## What to produce:
Retype all entries exactly as they stand, excluding pictures.

== Dataset

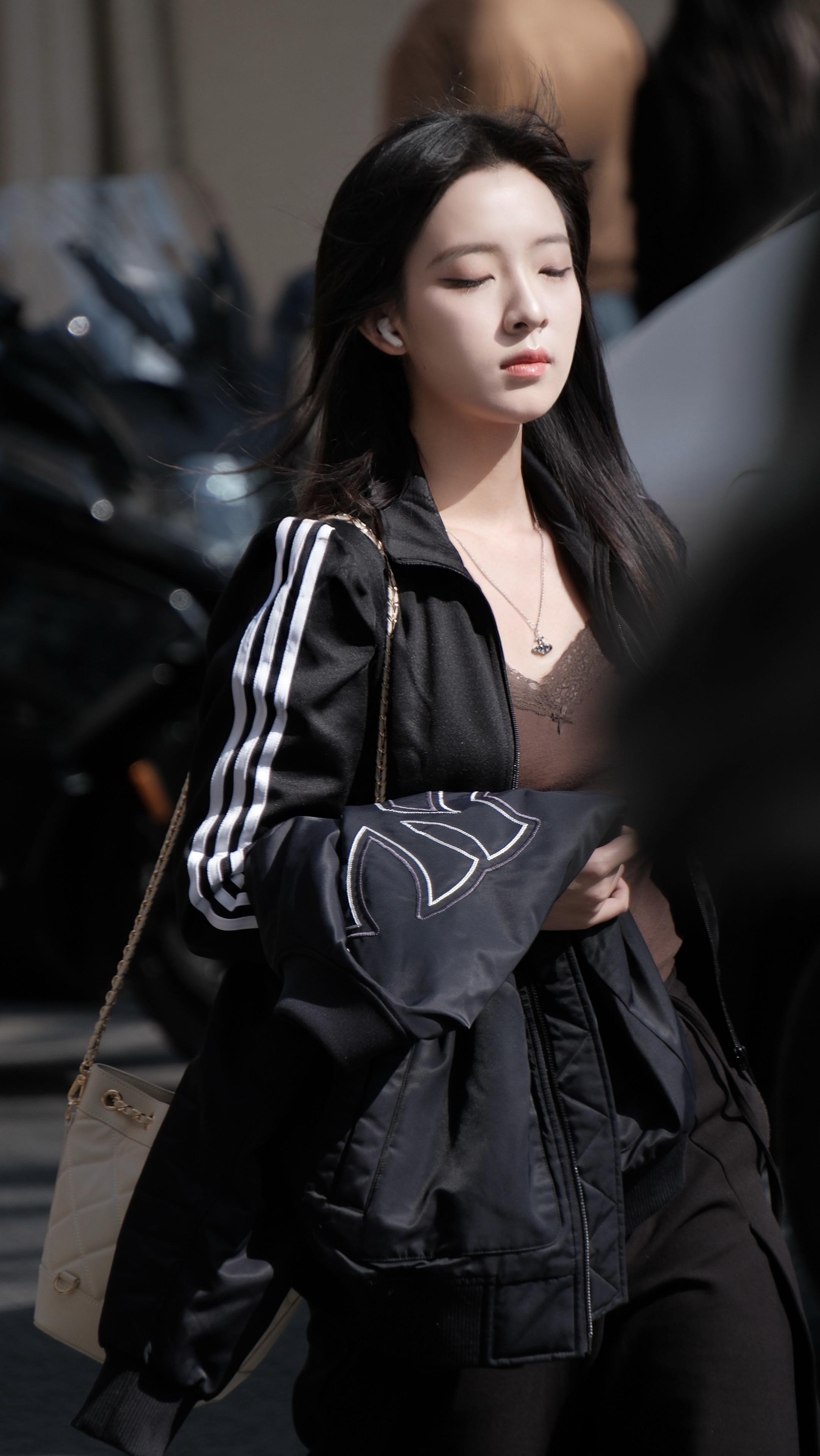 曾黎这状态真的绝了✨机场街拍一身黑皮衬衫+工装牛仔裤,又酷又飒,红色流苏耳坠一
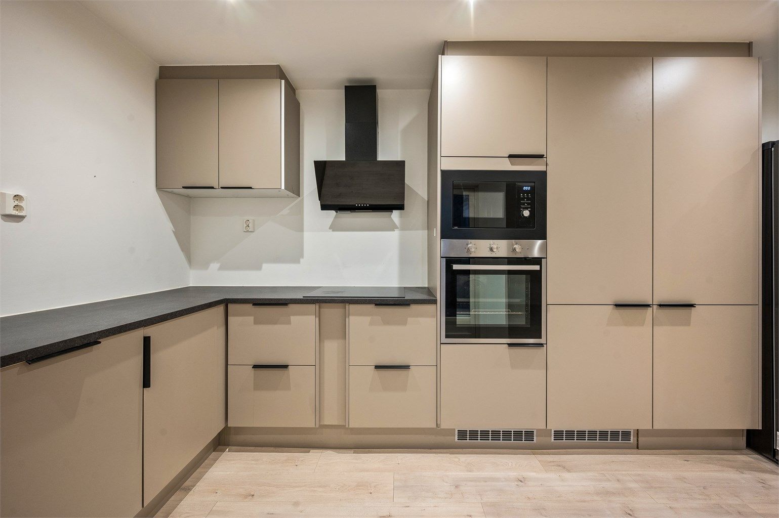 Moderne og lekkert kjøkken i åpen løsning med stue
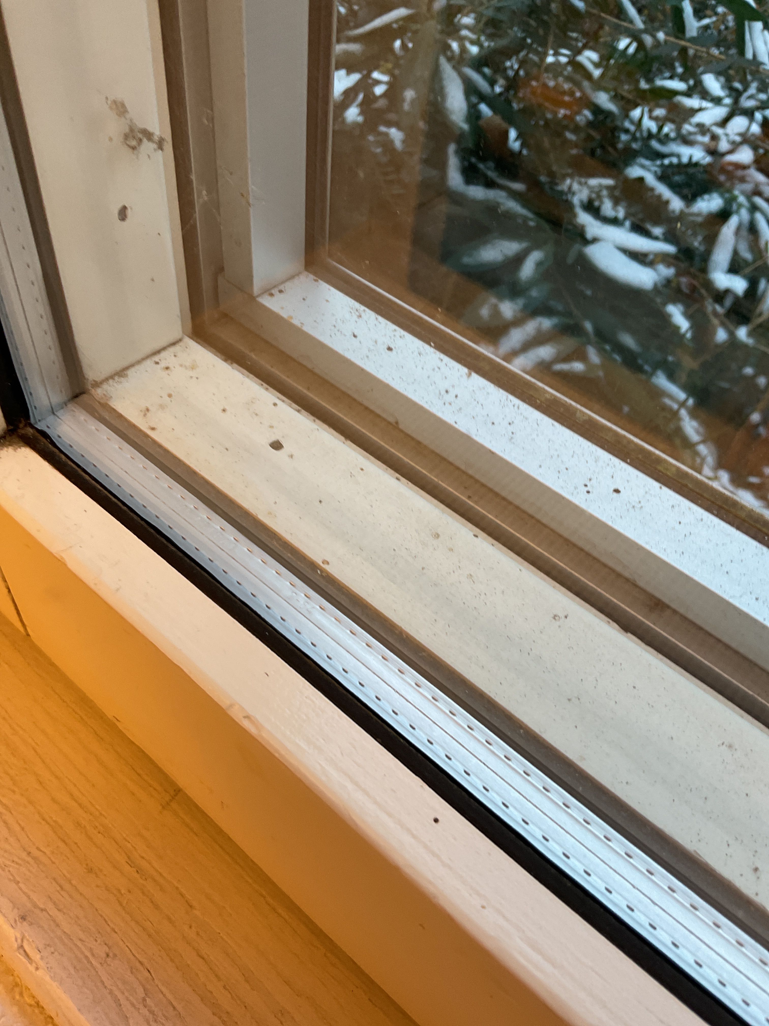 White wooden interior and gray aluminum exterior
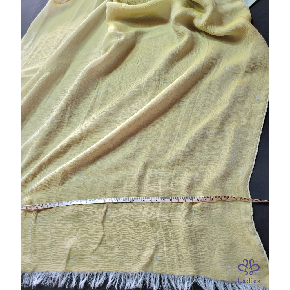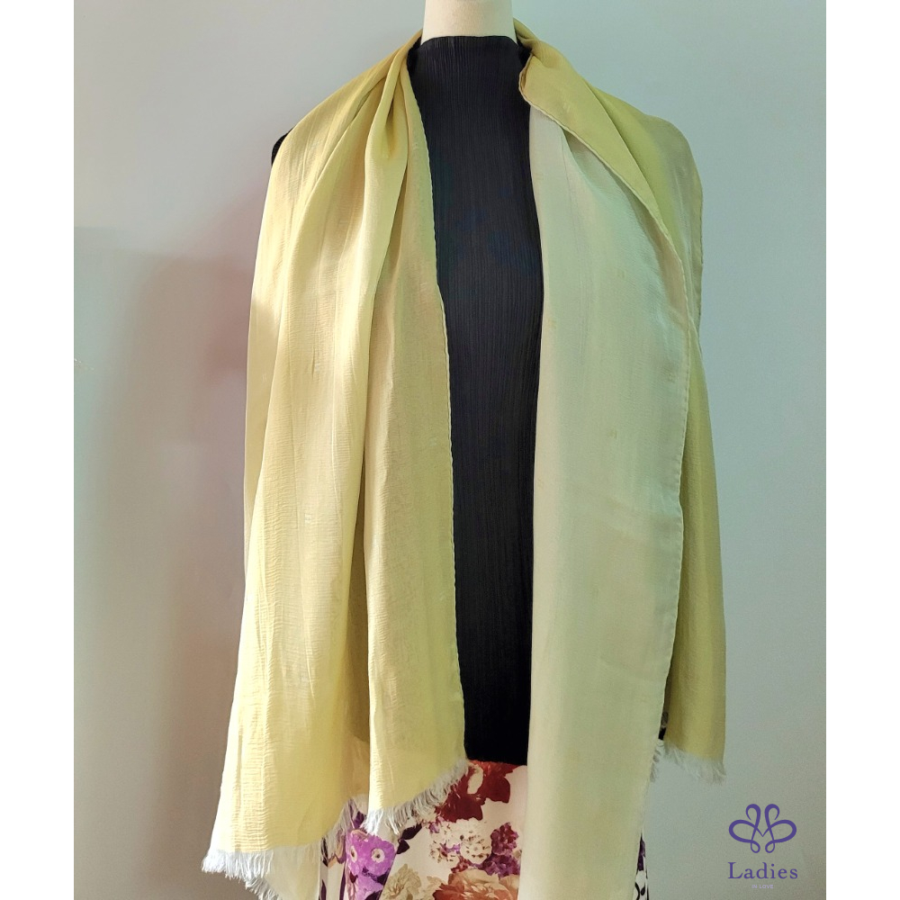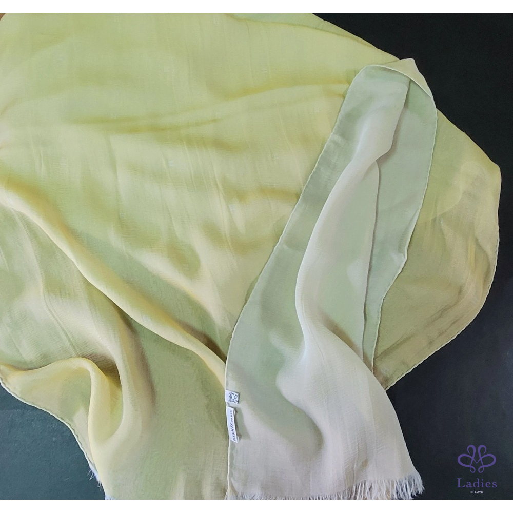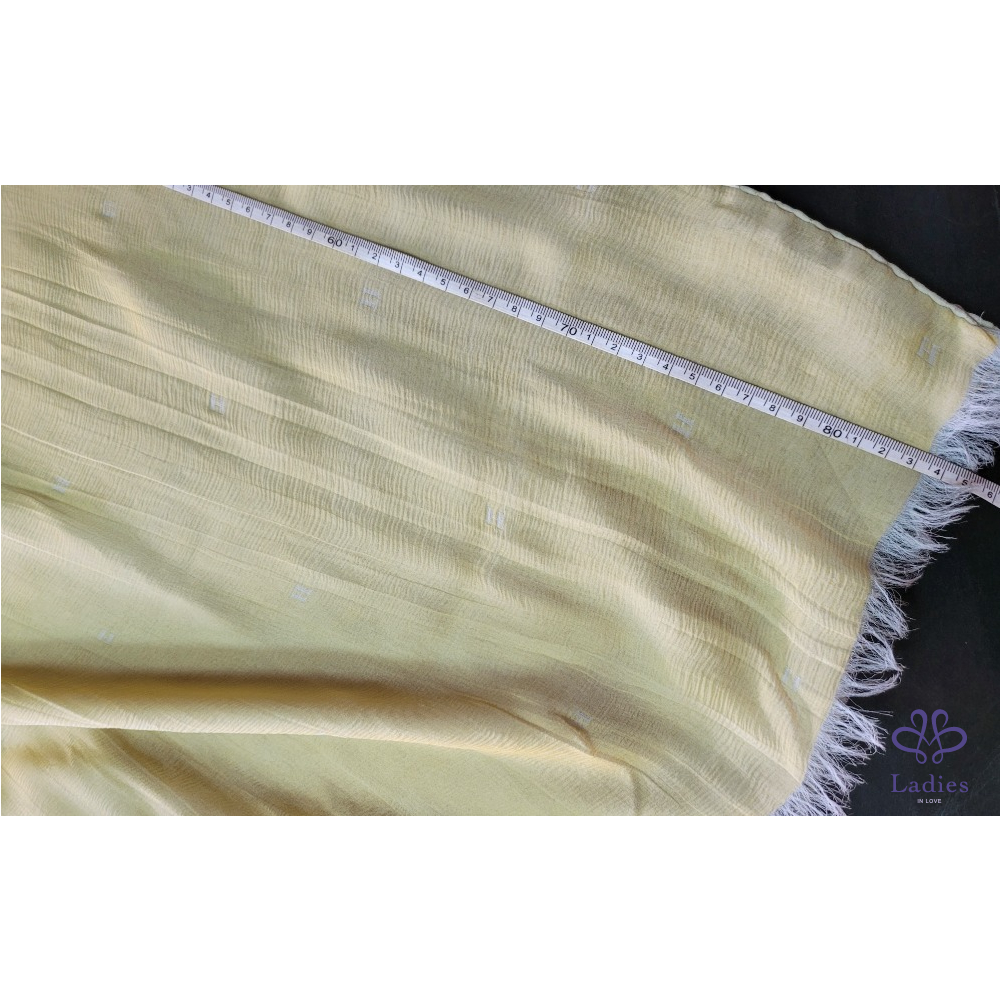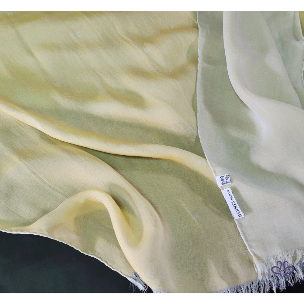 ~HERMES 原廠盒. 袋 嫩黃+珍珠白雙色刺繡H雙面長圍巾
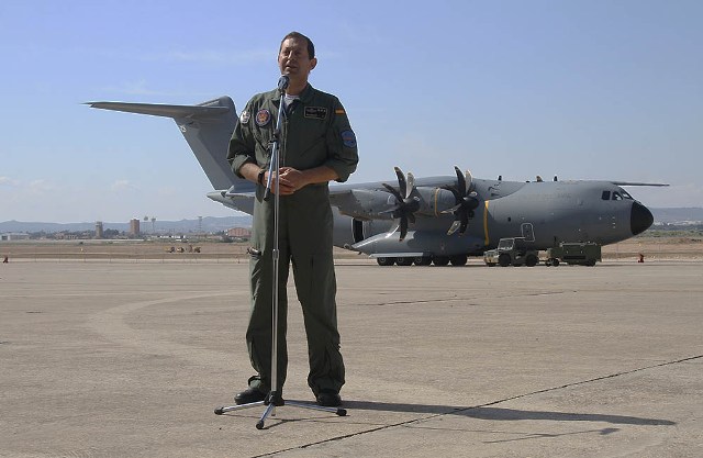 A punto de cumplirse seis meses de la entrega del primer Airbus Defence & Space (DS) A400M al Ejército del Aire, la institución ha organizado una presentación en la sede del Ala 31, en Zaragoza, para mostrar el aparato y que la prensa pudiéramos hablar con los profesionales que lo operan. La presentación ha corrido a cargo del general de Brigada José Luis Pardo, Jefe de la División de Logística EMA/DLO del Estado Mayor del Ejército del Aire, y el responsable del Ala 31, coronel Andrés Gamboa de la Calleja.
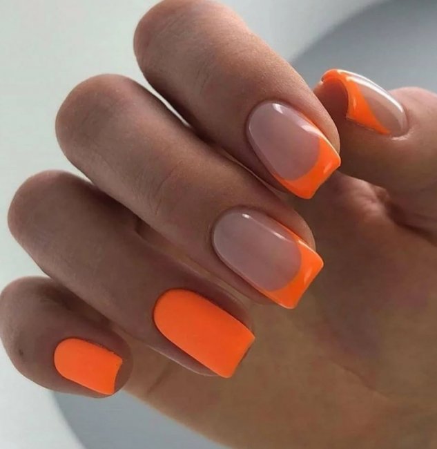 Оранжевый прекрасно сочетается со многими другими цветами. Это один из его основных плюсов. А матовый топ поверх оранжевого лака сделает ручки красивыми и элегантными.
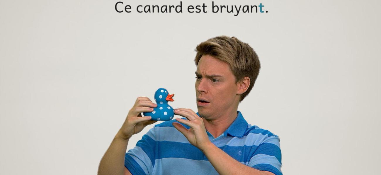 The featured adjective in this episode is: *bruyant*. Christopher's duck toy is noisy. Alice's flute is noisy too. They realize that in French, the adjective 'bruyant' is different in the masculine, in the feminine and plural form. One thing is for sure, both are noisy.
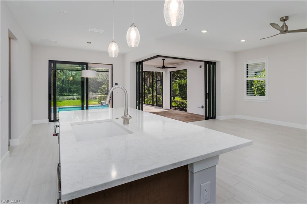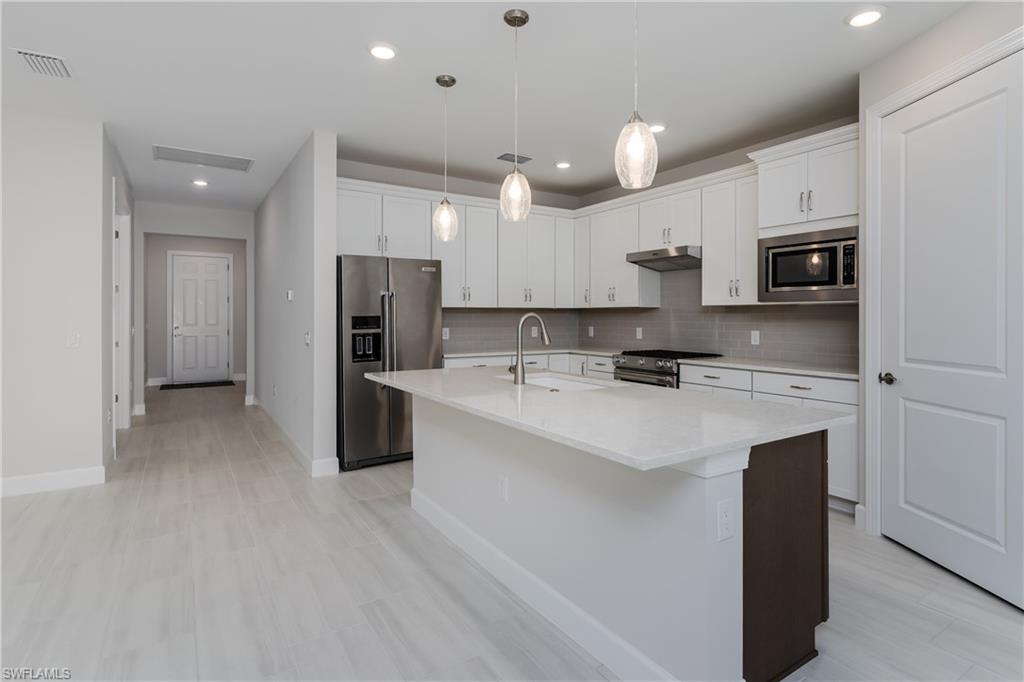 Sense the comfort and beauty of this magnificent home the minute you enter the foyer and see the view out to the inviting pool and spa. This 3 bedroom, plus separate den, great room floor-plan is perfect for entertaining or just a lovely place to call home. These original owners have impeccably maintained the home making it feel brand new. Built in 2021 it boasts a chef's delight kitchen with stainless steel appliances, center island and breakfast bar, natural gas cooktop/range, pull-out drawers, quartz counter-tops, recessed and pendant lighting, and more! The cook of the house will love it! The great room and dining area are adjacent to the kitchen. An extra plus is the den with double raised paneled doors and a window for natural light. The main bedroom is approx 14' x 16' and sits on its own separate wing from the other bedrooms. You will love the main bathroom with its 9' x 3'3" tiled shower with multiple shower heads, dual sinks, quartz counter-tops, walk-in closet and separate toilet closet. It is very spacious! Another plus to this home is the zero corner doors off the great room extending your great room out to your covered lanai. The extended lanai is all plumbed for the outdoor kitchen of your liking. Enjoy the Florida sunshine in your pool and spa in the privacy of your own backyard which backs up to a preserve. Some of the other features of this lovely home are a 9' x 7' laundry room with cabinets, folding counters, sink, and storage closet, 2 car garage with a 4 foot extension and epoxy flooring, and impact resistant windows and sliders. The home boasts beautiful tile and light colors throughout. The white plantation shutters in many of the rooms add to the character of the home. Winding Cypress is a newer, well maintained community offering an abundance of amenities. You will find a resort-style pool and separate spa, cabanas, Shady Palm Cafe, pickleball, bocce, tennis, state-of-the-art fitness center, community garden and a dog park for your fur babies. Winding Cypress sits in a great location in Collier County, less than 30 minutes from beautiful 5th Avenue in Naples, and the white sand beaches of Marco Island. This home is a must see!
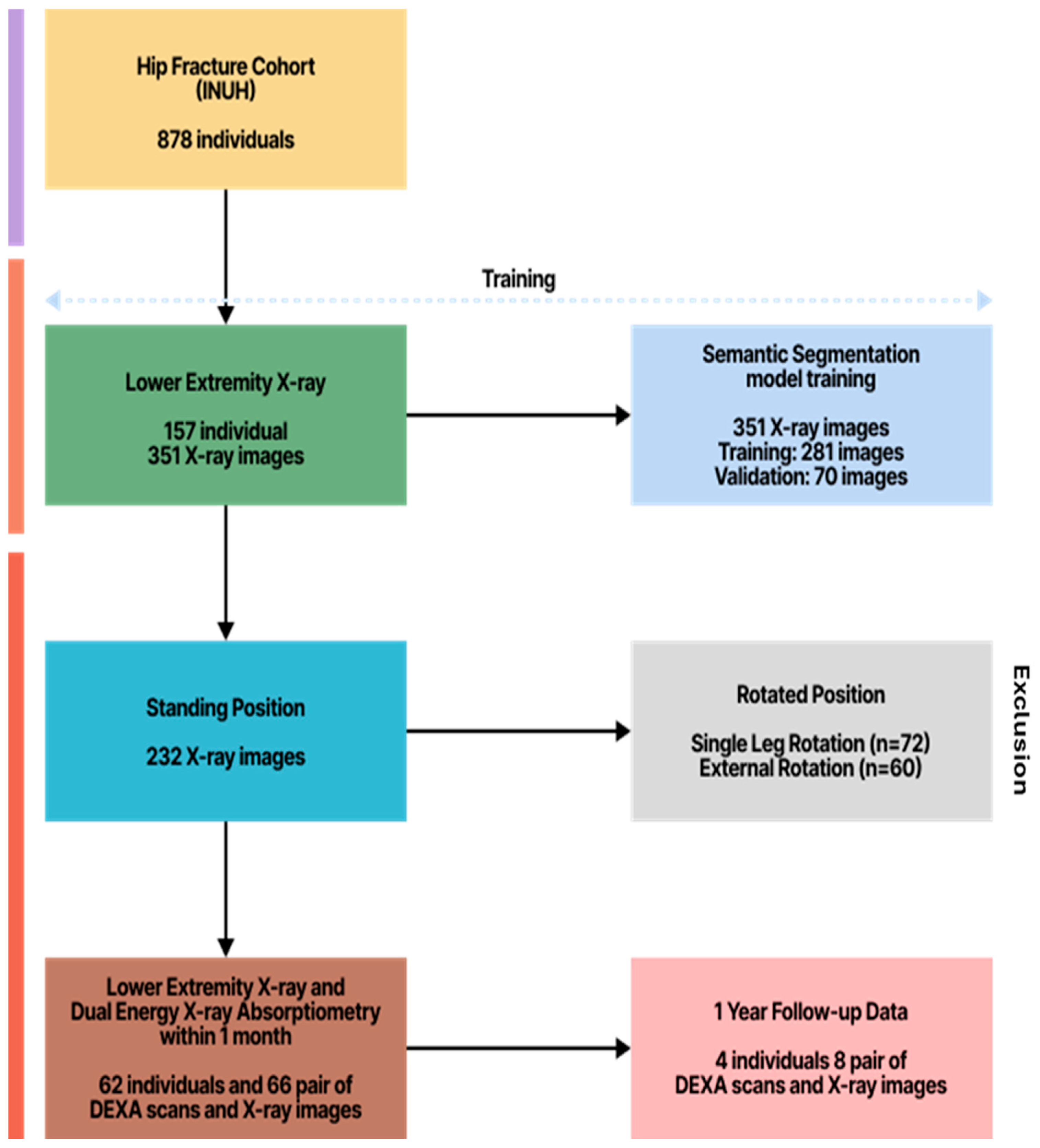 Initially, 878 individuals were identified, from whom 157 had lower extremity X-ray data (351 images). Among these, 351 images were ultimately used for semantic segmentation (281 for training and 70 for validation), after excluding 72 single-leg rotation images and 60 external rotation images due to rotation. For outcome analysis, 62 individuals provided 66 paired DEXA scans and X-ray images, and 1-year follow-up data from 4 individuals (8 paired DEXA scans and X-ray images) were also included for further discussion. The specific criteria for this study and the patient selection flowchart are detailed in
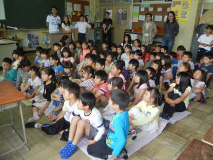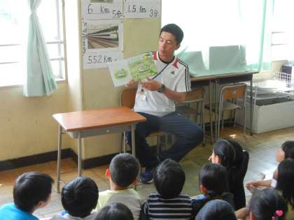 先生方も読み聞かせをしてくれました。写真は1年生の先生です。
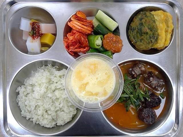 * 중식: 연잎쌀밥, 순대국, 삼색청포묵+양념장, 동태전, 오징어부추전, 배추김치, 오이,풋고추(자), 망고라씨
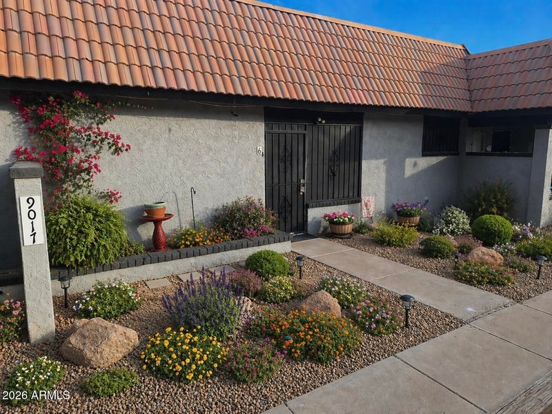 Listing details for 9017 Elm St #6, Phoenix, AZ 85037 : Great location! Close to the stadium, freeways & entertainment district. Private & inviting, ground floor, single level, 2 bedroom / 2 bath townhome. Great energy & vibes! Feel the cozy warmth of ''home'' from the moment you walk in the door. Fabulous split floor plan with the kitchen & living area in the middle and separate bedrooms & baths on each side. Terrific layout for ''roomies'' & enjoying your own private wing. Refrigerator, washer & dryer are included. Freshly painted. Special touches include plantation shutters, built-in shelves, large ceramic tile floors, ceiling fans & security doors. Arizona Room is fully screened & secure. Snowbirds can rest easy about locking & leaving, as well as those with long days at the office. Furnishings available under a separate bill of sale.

====

## Reply to the exercise:
 曾黎这状态真的绝了✨机场街拍一身黑皮衬衫+工装牛仔裤,又酷又飒,红色流苏耳坠一
 Moderne og lekkert kjøkken i åpen løsning med stue
 White wooden interior and gray aluminum exterior
 ~HERMES 原廠盒. 袋 嫩黃+珍珠白雙色刺繡H雙面長圍巾
 A punto de cumplirse seis meses de la entrega del primer Airbus Defence & Space (DS) A400M al Ejército del Aire, la institución ha organizado una presentación en la sede del Ala 31, en Zaragoza, para mostrar el aparato y que la prensa pudiéramos hablar con los profesionales que lo operan. La presentación ha corrido a cargo del general de Brigada José Luis Pardo, Jefe de la División de Logística EMA/DLO del Estado Mayor del Ejército del Aire, y el responsable del Ala 31, coronel Andrés Gamboa de la Calleja.
 Оранжевый прекрасно сочетается со многими другими цветами. Это один из его основных плюсов. А матовый топ поверх оранжевого лака сделает ручки красивыми и элегантными.
 The featured adjective in this episode is: *bruyant*. Christopher's duck toy is noisy. Alice's flute is noisy too. They realize that in French, the adjective 'bruyant' is different in the masculine, in the feminine and plural form. One thing is for sure, both are noisy.
 Sense the comfort and beauty of this magnificent home the minute you enter the foyer and see the view out to the inviting pool and spa. This 3 bedroom, plus separate den, great room floor-plan is perfect for entertaining or just a lovely place to call home. These original owners have impeccably maintained the home making it feel brand new. Built in 2021 it boasts a chef's delight kitchen with stainless steel appliances, center island and breakfast bar, natural gas cooktop/range, pull-out drawers, quartz counter-tops, recessed and pendant lighting, and more! The cook of the house will love it! The great room and dining area are adjacent to the kitchen. An extra plus is the den with double raised paneled doors and a window for natural light. The main bedroom is approx 14' x 16' and sits on its own separate wing from the other bedrooms. You will love the main bathroom with its 9' x 3'3" tiled shower with multiple shower heads, dual sinks, quartz counter-tops, walk-in closet and separate toilet closet. It is very spacious! Another plus to this home is the zero corner doors off the great room extending your great room out to your covered lanai. The extended lanai is all plumbed for the outdoor kitchen of your liking. Enjoy the Florida sunshine in your pool and spa in the privacy of your own backyard which backs up to a preserve. Some of the other features of this lovely home are a 9' x 7' laundry room with cabinets, folding counters, sink, and storage closet, 2 car garage with a 4 foot extension and epoxy flooring, and impact resistant windows and sliders. The home boasts beautiful tile and light colors throughout. The white plantation shutters in many of the rooms add to the character of the home. Winding Cypress is a newer, well maintained community offering an abundance of amenities. You will find a resort-style pool and separate spa, cabanas, Shady Palm Cafe, pickleball, bocce, tennis, state-of-the-art fitness center, community garden and a dog park for your fur babies. Winding Cypress sits in a great location in Collier County, less than 30 minutes from beautiful 5th Avenue in Naples, and the white sand beaches of Marco Island. This home is a must see!
 Initially, 878 individuals were identified, from whom 157 had lower extremity X-ray data (351 images). Among these, 351 images were ultimately used for semantic segmentation (281 for training and 70 for validation), after excluding 72 single-leg rotation images and 60 external rotation images due to rotation. For outcome analysis, 62 individuals provided 66 paired DEXA scans and X-ray images, and 1-year follow-up data from 4 individuals (8 paired DEXA scans and X-ray images) were also included for further discussion. The specific criteria for this study and the patient selection flowchart are detailed in
 先生方も読み聞かせをしてくれました。写真は1年生の先生です。
 * 중식: 연잎쌀밥, 순대국, 삼색청포묵+양념장, 동태전, 오징어부추전, 배추김치, 오이,풋고추(자), 망고라씨
 Listing details for 9017 Elm St #6, Phoenix, AZ 85037 : Great location! Close to the stadium, freeways & entertainment district. Private & inviting, ground floor, single level, 2 bedroom / 2 bath townhome. Great energy & vibes! Feel the cozy warmth of ''home'' from the moment you walk in the door. Fabulous split floor plan with the kitchen & living area in the middle and separate bedrooms & baths on each side. Terrific layout for ''roomies'' & enjoying your own private wing. Refrigerator, washer & dryer are included. Freshly painted. Special touches include plantation shutters, built-in shelves, large ceramic tile floors, ceiling fans & security doors. Arizona Room is fully screened & secure. Snowbirds can rest easy about locking & leaving, as well as those with long days at the office. Furnishings available under a separate bill of sale.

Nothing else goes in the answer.